Diagnosis of bone tumors relies on three main elements: symptomatology, imaging, and histopathological assessment [6]. However, the clinical presentation of sacral tumors is often nonspecific and typically characterized by neurological deficits and low back pain, which make early diagnosis challenging [7]. Although histopathological examination offers the most accurate diagnosis and guides treatment decisions, it represents the final step in the diagnostic process due to its invasive and time-consuming nature. Performing unnecessary biopsies on benign lesions incorrectly presumed malignant can lead to patient distress and postoperative complications, especially when conducted outside specialized multidisciplinary centers [8]. Moreover, certain contraindications, such as a platelet count below 50,000 or a bleeding tendency, may preclude biopsy [9]. In addition, biopsy procedures can yield nondiagnostic results in up to 30% of cases, which necessitates repeat procedures and increases the risk of complications [10].

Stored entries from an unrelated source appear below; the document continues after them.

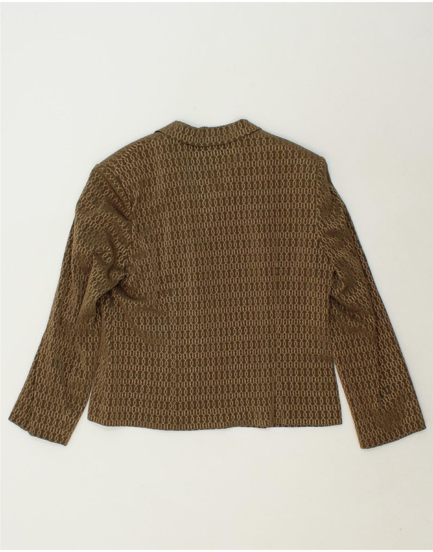 JOHN BENTLEY Womens Abstract Pattern 3 Button Blazer Jacket US 14 XL Brown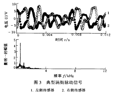 典(diǎn)型的渦街脈動信(xìn)号如圖3所示。從信(xin)号的時域信号‼️可(kě)以看出。對稱于後(hou)鈍體兩側渦街的(de)脈動是反相的,并(bìng)有明顯的周期性(xìng),其功率譜的頻率(lǜ)分布很廣并有🔱一(yī)個明顯的峰值,該(gai)峰☔值處頻率和時(shí)域信号的主波🔴動(dòng)是頻率是相同的(de)。定義功率譜中該(gai)峰㊙️值處的頻率爲(wèi)渦街的主頻。下面(mian)所讨論的渦街頻(pin)⭐率指的就是渦街(jiē)的主頻。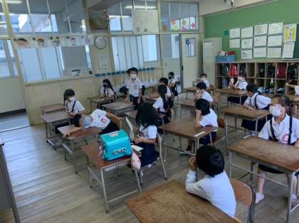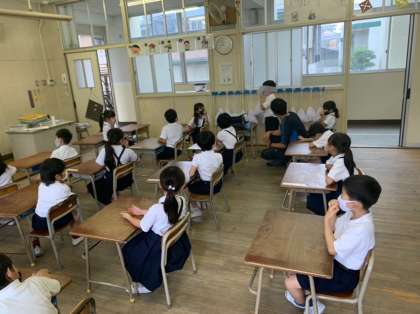 どのように自己紹介をしたのか、1年1組の教室に戻ってきてから再現してもらいました。みんなに伝わるような声で言うことができていました。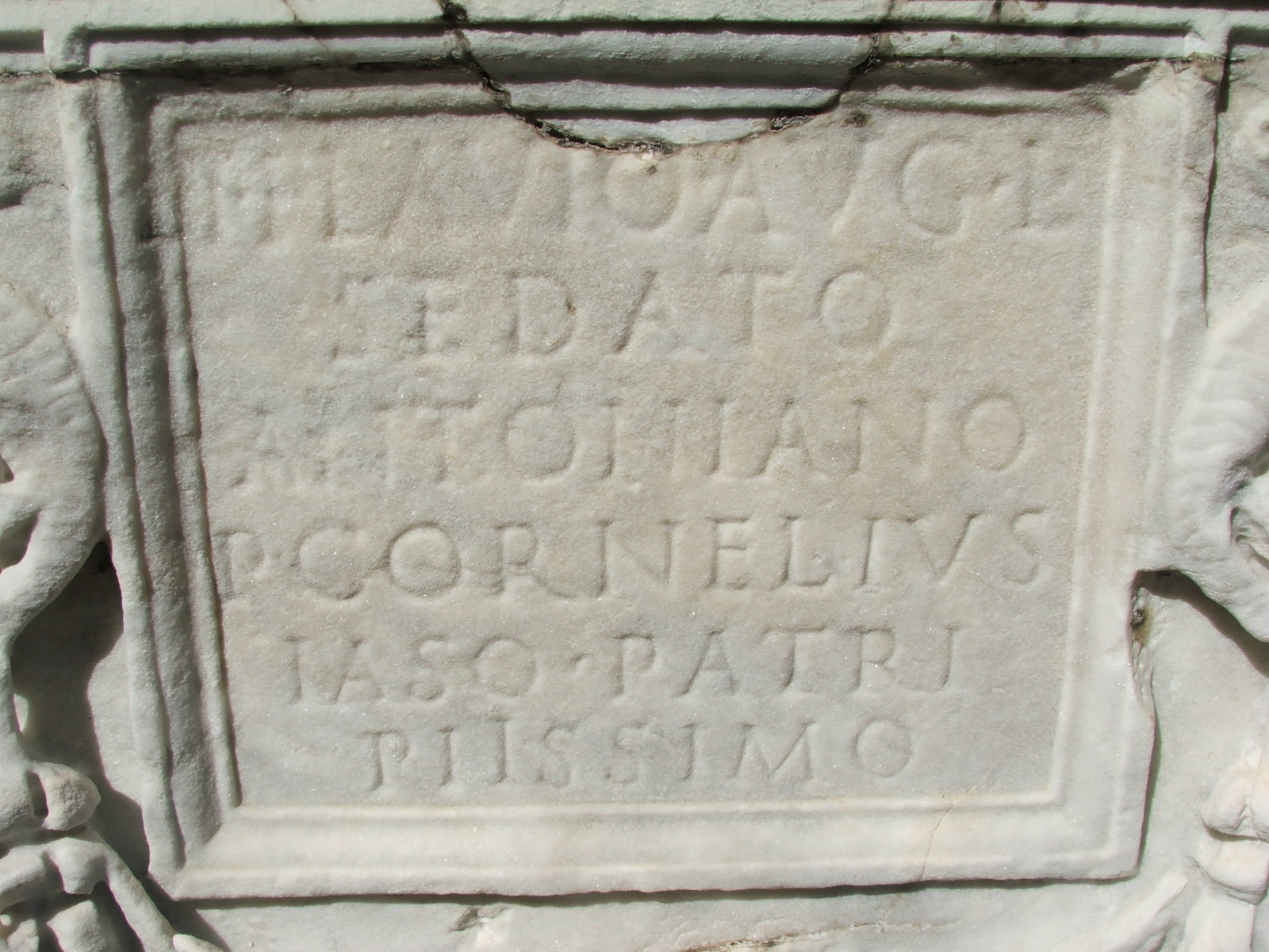Sur la terrasse Ouest se trouve un autel funéraire romain en marbre datant des Ier-IIe siècles après. J.-C. Il a été découvert au XVIe siècle et porte une inscription (CIL 6, 18203) funéraire en hommage « à Titus Flavius Sedatus Antonianus, affranchi impérial », et offert par son fils « Publius Cornelius Iaso à son père très pieux ». On observe dans cette inscription un superlatif de l'adjectif « pius » sous la forme « piissimus », critiquée par Cicéron.

Imaging plays a crucial role in the rapid differentiation of benign from malignant tumors. Various methods, including radiography, CT, MRI, angiography, scintigraphy, and positron emission tomography—CT, are used in bone tumor studies. CT imaging stands out for its high resolution and capability to detect small lesions (larger than 3 mm). It provides vital information on tumor matrix mineralization, calcification, ossification, cortical scalloping, destruction, and periosteal reaction, which aids radiologists in diagnosing bone tumors based on features such as location and margins [11]. However, given the low incidence rate of bone tumors, doctors lacking experience may misdiagnose them, which leads to unnecessary bone biopsies, patient discomfort, and increased costs, or they may miss a diagnosis altogether, which results in treatment delays or patient mortality [12]. In such cases, a sensitive and validated model for the characterization of suspicious bone lesions can reduce the rate of unnecessary referrals to higher levels of care and alleviate patient anxiety regarding potential cancer diagnoses. A computer-aided diagnostic tool capable of identifying benign lesions with a high specificity would be invaluable in reducing the rate of unnecessary biopsies by assisting radiologists in confidently ruling in malignancy [13].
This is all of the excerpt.